## What is needed
Repeat the listing exactly, minus the pictures.

## Data block
>>>

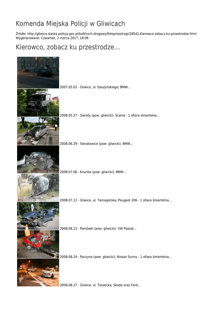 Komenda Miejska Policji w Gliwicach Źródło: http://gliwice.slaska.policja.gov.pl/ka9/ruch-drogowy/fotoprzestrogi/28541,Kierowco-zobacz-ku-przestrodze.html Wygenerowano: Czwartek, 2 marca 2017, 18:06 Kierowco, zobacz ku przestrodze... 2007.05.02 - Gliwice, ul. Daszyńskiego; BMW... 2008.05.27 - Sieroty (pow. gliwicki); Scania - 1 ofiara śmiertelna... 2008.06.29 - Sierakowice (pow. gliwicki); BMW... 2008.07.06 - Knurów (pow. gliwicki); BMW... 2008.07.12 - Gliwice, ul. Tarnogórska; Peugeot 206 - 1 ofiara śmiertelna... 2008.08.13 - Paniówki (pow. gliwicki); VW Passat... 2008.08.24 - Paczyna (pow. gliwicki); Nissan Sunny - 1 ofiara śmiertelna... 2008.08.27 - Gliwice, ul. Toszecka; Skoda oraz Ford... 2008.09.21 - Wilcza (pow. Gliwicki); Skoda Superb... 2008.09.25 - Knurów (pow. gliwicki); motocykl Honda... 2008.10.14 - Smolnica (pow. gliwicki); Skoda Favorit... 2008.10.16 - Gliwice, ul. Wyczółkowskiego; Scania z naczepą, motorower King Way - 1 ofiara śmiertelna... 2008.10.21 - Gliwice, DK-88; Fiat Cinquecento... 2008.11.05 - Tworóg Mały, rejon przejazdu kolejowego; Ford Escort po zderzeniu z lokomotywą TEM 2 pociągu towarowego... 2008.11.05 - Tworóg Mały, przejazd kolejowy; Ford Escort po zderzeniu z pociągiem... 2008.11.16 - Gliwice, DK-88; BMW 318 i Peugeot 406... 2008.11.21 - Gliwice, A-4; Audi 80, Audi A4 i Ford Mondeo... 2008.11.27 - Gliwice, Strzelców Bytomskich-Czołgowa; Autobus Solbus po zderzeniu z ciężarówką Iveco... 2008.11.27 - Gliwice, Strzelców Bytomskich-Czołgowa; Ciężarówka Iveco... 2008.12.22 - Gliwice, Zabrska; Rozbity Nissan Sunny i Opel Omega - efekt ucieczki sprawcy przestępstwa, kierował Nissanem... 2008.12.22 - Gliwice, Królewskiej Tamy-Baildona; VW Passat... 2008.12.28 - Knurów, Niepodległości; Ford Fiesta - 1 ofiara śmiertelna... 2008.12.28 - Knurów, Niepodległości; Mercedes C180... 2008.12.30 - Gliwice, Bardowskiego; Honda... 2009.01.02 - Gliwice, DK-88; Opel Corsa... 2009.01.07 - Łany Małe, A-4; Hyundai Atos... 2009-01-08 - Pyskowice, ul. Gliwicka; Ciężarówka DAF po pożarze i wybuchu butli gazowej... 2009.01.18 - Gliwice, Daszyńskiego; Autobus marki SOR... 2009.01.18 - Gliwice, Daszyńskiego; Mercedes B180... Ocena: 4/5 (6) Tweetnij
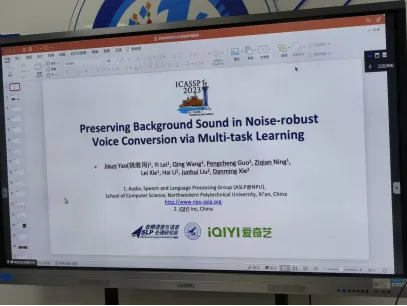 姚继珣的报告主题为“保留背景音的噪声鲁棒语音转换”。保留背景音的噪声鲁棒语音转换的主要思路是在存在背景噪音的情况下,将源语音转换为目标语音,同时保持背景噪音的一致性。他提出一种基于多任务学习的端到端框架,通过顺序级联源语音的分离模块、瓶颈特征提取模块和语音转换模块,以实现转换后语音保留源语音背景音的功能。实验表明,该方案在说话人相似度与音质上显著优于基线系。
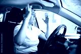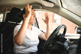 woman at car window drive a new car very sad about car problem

<<<

## Response to the task
 Komenda Miejska Policji w Gliwicach Źródło: http://gliwice.slaska.policja.gov.pl/ka9/ruch-drogowy/fotoprzestrogi/28541,Kierowco-zobacz-ku-przestrodze.html Wygenerowano: Czwartek, 2 marca 2017, 18:06 Kierowco, zobacz ku przestrodze... 2007.05.02 - Gliwice, ul. Daszyńskiego; BMW... 2008.05.27 - Sieroty (pow. gliwicki); Scania - 1 ofiara śmiertelna... 2008.06.29 - Sierakowice (pow. gliwicki); BMW... 2008.07.06 - Knurów (pow. gliwicki); BMW... 2008.07.12 - Gliwice, ul. Tarnogórska; Peugeot 206 - 1 ofiara śmiertelna... 2008.08.13 - Paniówki (pow. gliwicki); VW Passat... 2008.08.24 - Paczyna (pow. gliwicki); Nissan Sunny - 1 ofiara śmiertelna... 2008.08.27 - Gliwice, ul. Toszecka; Skoda oraz Ford... 2008.09.21 - Wilcza (pow. Gliwicki); Skoda Superb... 2008.09.25 - Knurów (pow. gliwicki); motocykl Honda... 2008.10.14 - Smolnica (pow. gliwicki); Skoda Favorit... 2008.10.16 - Gliwice, ul. Wyczółkowskiego; Scania z naczepą, motorower King Way - 1 ofiara śmiertelna... 2008.10.21 - Gliwice, DK-88; Fiat Cinquecento... 2008.11.05 - Tworóg Mały, rejon przejazdu kolejowego; Ford Escort po zderzeniu z lokomotywą TEM 2 pociągu towarowego... 2008.11.05 - Tworóg Mały, przejazd kolejowy; Ford Escort po zderzeniu z pociągiem... 2008.11.16 - Gliwice, DK-88; BMW 318 i Peugeot 406... 2008.11.21 - Gliwice, A-4; Audi 80, Audi A4 i Ford Mondeo... 2008.11.27 - Gliwice, Strzelców Bytomskich-Czołgowa; Autobus Solbus po zderzeniu z ciężarówką Iveco... 2008.11.27 - Gliwice, Strzelców Bytomskich-Czołgowa; Ciężarówka Iveco... 2008.12.22 - Gliwice, Zabrska; Rozbity Nissan Sunny i Opel Omega - efekt ucieczki sprawcy przestępstwa, kierował Nissanem... 2008.12.22 - Gliwice, Królewskiej Tamy-Baildona; VW Passat... 2008.12.28 - Knurów, Niepodległości; Ford Fiesta - 1 ofiara śmiertelna... 2008.12.28 - Knurów, Niepodległości; Mercedes C180... 2008.12.30 - Gliwice, Bardowskiego; Honda... 2009.01.02 - Gliwice, DK-88; Opel Corsa... 2009.01.07 - Łany Małe, A-4; Hyundai Atos... 2009-01-08 - Pyskowice, ul. Gliwicka; Ciężarówka DAF po pożarze i wybuchu butli gazowej... 2009.01.18 - Gliwice, Daszyńskiego; Autobus marki SOR... 2009.01.18 - Gliwice, Daszyńskiego; Mercedes B180... Ocena: 4/5 (6) Tweetnij
 姚继珣的报告主题为“保留背景音的噪声鲁棒语音转换”。保留背景音的噪声鲁棒语音转换的主要思路是在存在背景噪音的情况下,将源语音转换为目标语音,同时保持背景噪音的一致性。他提出一种基于多任务学习的端到端框架,通过顺序级联源语音的分离模块、瓶颈特征提取模块和语音转换模块,以实现转换后语音保留源语音背景音的功能。实验表明,该方案在说话人相似度与音质上显著优于基线系。
 woman at car window drive a new car very sad about car problem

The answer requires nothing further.